– Скажите, Барбара, в вашей практике это было самое серьезное крушение? – спросил Джо.

– Пожалуй, ничего более страшного я действительно не видела. Сравниться с этой катастрофой могут, пожалуй, только две… Об одной я уже упоминала – я имею в виду трагедию в Хоупвелле в 1994 году, когда разбился самолет компании "Ю. Эс. Эйр", следовавший рейсом 427 на Питсбург. В тот раз не я была старшим следователем, но на месте катастрофы мне побывать довелось.

– А… тела? В каком состоянии были тела к моменту, когда вы добрались сюда из Пуэбло?

– Джо, послушай…

– Вы сказали, что никто не мог уцелеть. Почему вы так уверены в этом, Барбара?

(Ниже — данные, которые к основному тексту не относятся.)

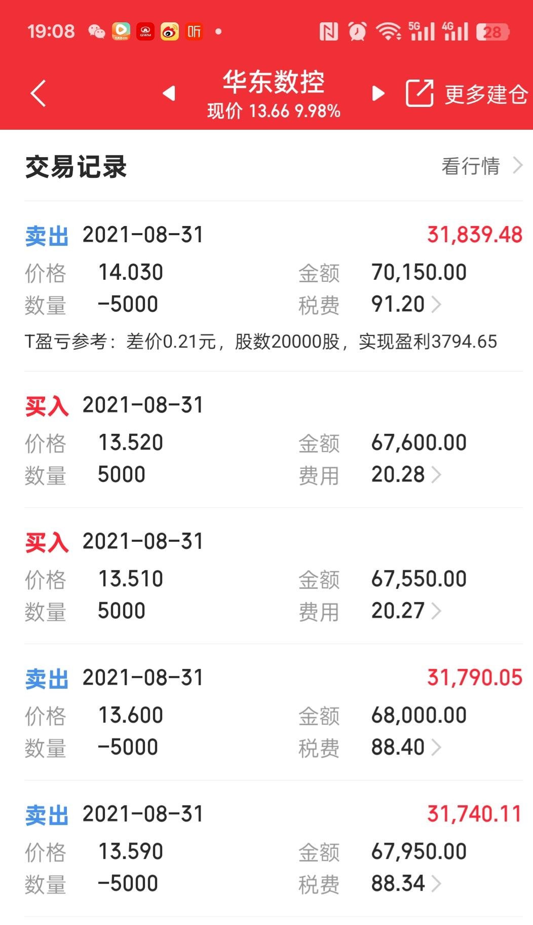 福州人民给老陈家发来贺电,祝贺华东数控突破2021年八月31号新高14.03
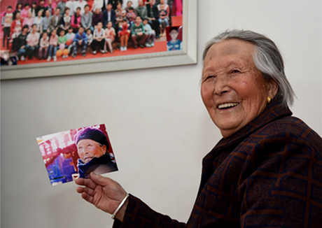 画面中这位老人叫陈福姐,是山西娄烦县马家庄乡河北庄村村民。她手举的这张照片是《中国冶金报》特约通讯员在2009年11月23日抓拍的。当天,太钢向山西贫困县娄烦县捐赠1万吨原煤,陈福姐老人看到开进村里的运煤车后,不禁开心地笑了。
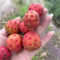 落叶灌木或小乔木,高5-7米;树皮平滑,灰色或深灰色;小枝纤细,近圆柱形,常稍弯曲,略呈“之”字形,当年生枝淡黄褐色或灰色,近无毛;冬芽圆锥状卵圆形,鳞片三角状卵形,覆瓦状排列,外面有灰色短柔毛。叶纸质,近圆形,稀阔卵形或倒卵形,顶端钝尖,基部近于心脏形或圆形,长11-13(-18)厘米,宽8-11 (-18) 米,不分裂或稀分裂,分裂者裂片钝尖或锐尖至尾状锐尖,深仅达叶片长度1/3-1/4,稀1/2,边缘呈波状或钝锯齿状,上面深绿色,下面淡绿色,两面除沿叶脉或脉腋幼时有长柔毛或疏柔毛外,其余部分近无毛;主脉3-5条,由基部生出,常呈掌状,侧脉5-7对,和主脉相交成锐角,均在叶上面显著,下面微凸起,小叶脉仅在下面显著;叶柄长3.5-5(-10)厘米,圆柱形,稀上面稍扁平或略呈沟状,基部粗壮,向顶端逐渐细弱,有稀疏的短柔毛或无毛。聚伞花序生叶腋,长3-3.5厘米,通常有3-5花,总花梗长1.2-2厘米,花梗长1.5-2厘米,几无毛,花梗上有线形小苞片1枚,长5毫米,早落,外面有短柔毛;花篠近钟形,外面具稀疏短柔毛,裂片5,三角形,长和宽均约1毫米,花瓣6-7,线形,紫红色,外面有短柔毛,近基部较密,长2.5-3.5厘米,宽1-2毫米,基部粘合,上部开花时反卷;雄蕊6-7,较花瓣短,花丝略扁,长8-14毫米,微有短柔毛,花药长1.5-2.1厘米,药隔内面无毛,外面无毛或有疏柔毛;花盘肥厚,近球形,无毛,微现裂痕;子房1室,花柱粗壮,长2.6-3.6厘米,无毛,柱头扁平。核果长卵圆形或长椭圆形,长8-12毫米,直径4-8毫米,顶端有宿存的花萼裂片,有短柔毛或无毛,有种子1颗。花期3-7月,果期7-9月。
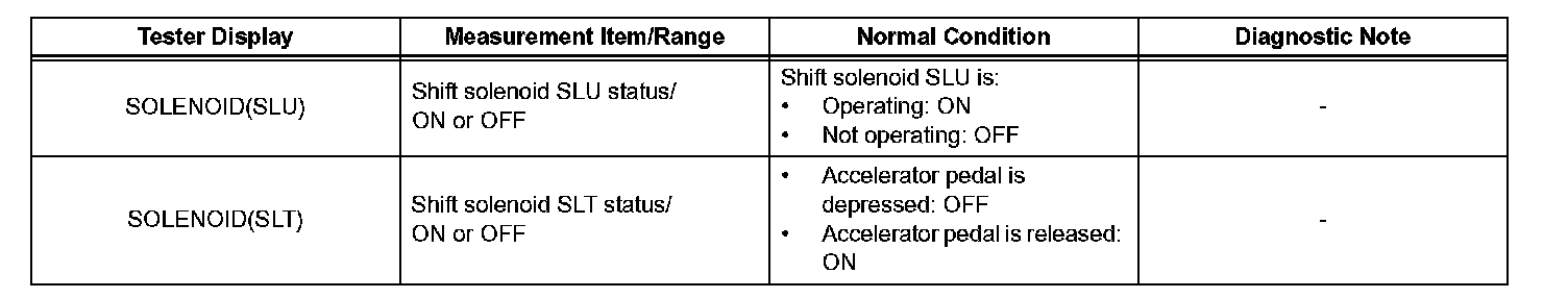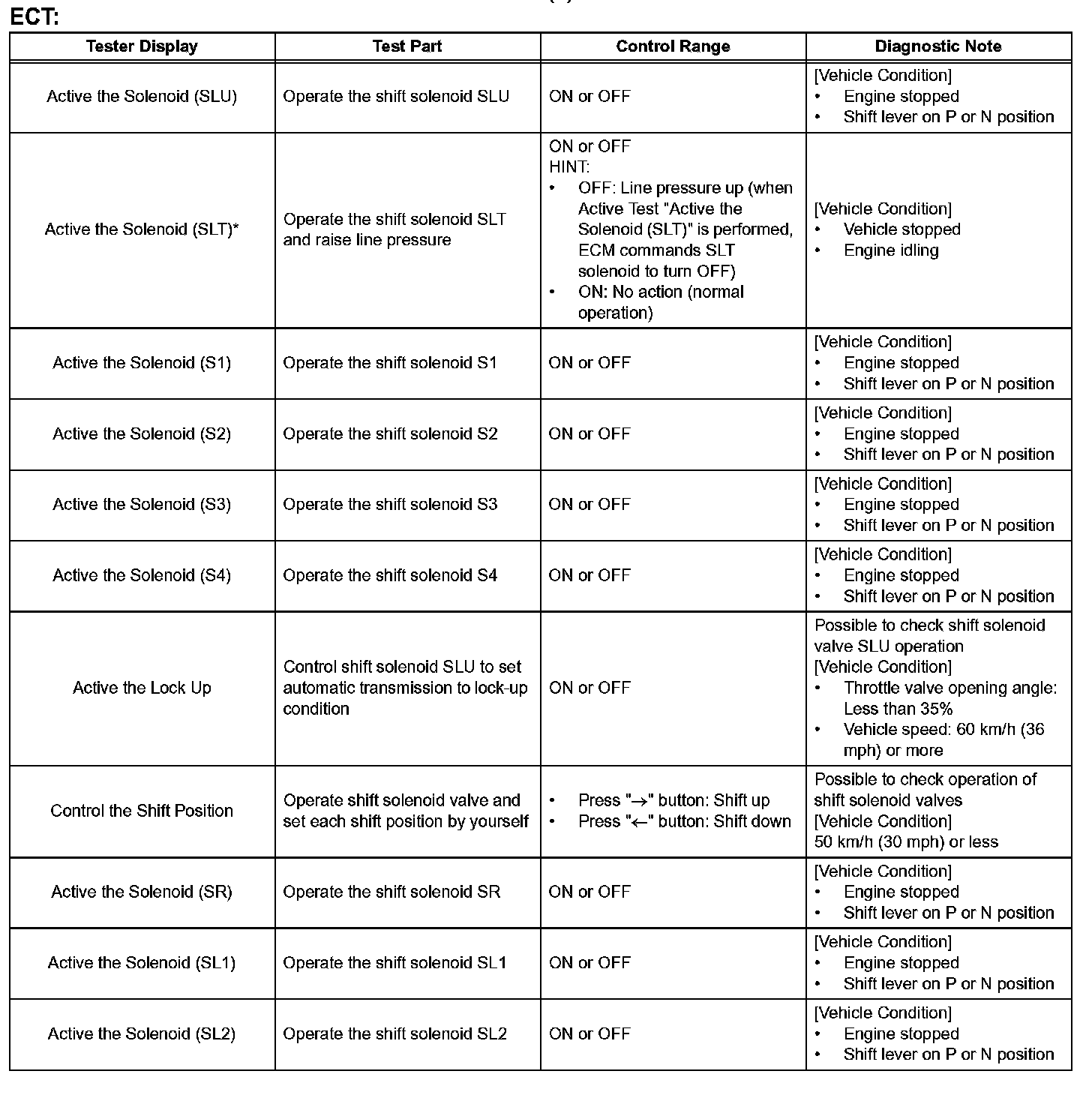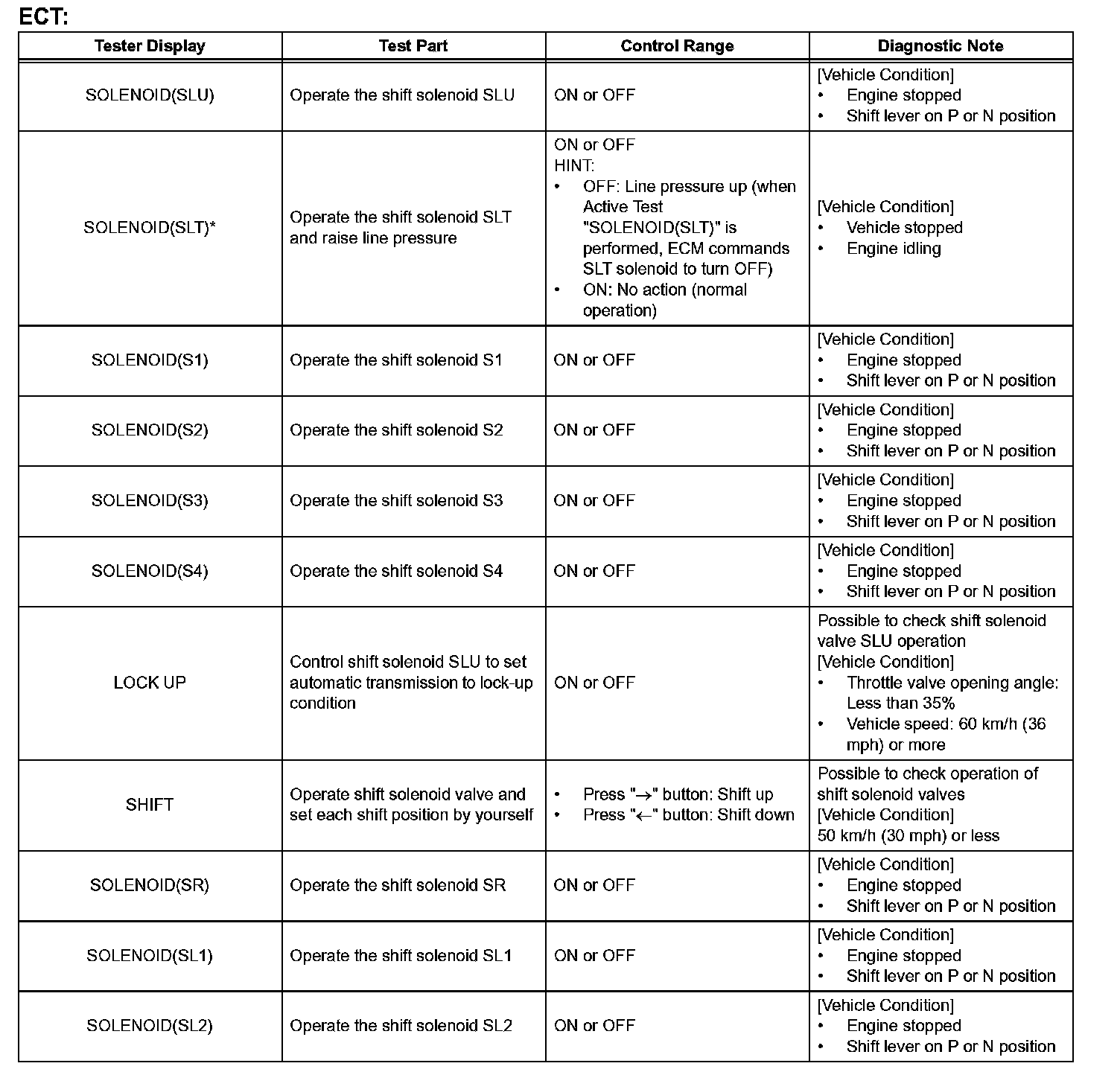 HINT: *: SOLENOID(SLT) in the Active Test is performed to check the line pressure changes by connecting SST to the automatic transmission, which is used in the HYDRAULIC TEST as well. Please note that the pressure values in the Active Test and HYDRAULIC TEST are different.
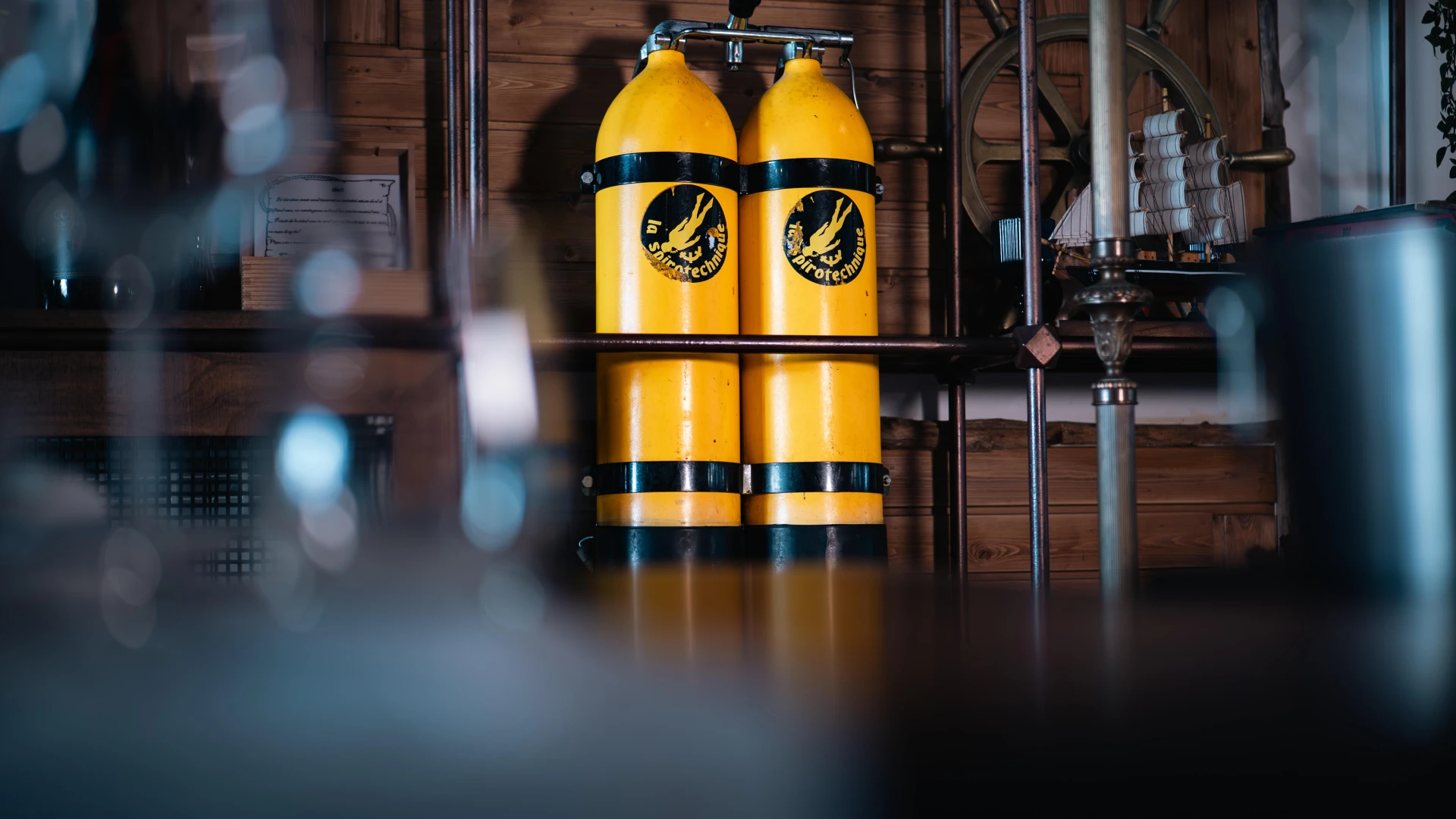 Această butelie dublă Spirotechnique, de origine franceză, este un model bi-bouteille, folosit în scufundările profesionale și militare. Concepută pentru fiabilitate și autonomie extinsă, permitea scafandrilor să opereze la adâncimi mari cu un flux optim de aer. Cu un design robust și un sistem de distribuție echilibrată, acest echipament a fost un standard în tehnologia scufundărilor. Simbol al inovației în domeniu, această piesă rară este acum expusă la Terasa cu Ancore.
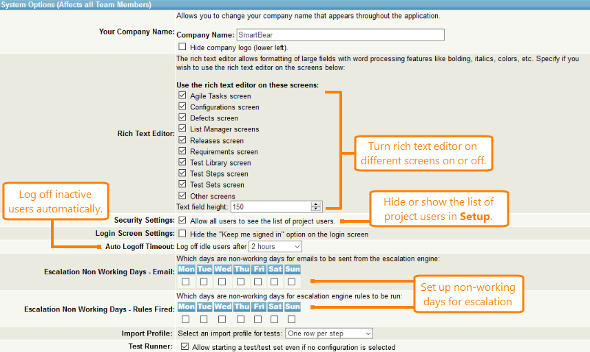 Rich Text Editor – For each module, you can enable the Rich Text formatting for text box fields. To do this, select check boxes for the appropriate screen.

– Не знаю, стоит ли мне объяснять тебе почему… – тихо ответила она и отвернулась, когда Джо попытался встретиться с ней взглядом. – Картины, которые я видела… они потом являются во сне, терзают сердце и душу.

– В каком состоянии были тела? – не сдавался Джо.

Барбара обеими руками отвела назад свои седые волосы и, отрицательно покачав головой, с самым решительным видом спрятала руки в карманы.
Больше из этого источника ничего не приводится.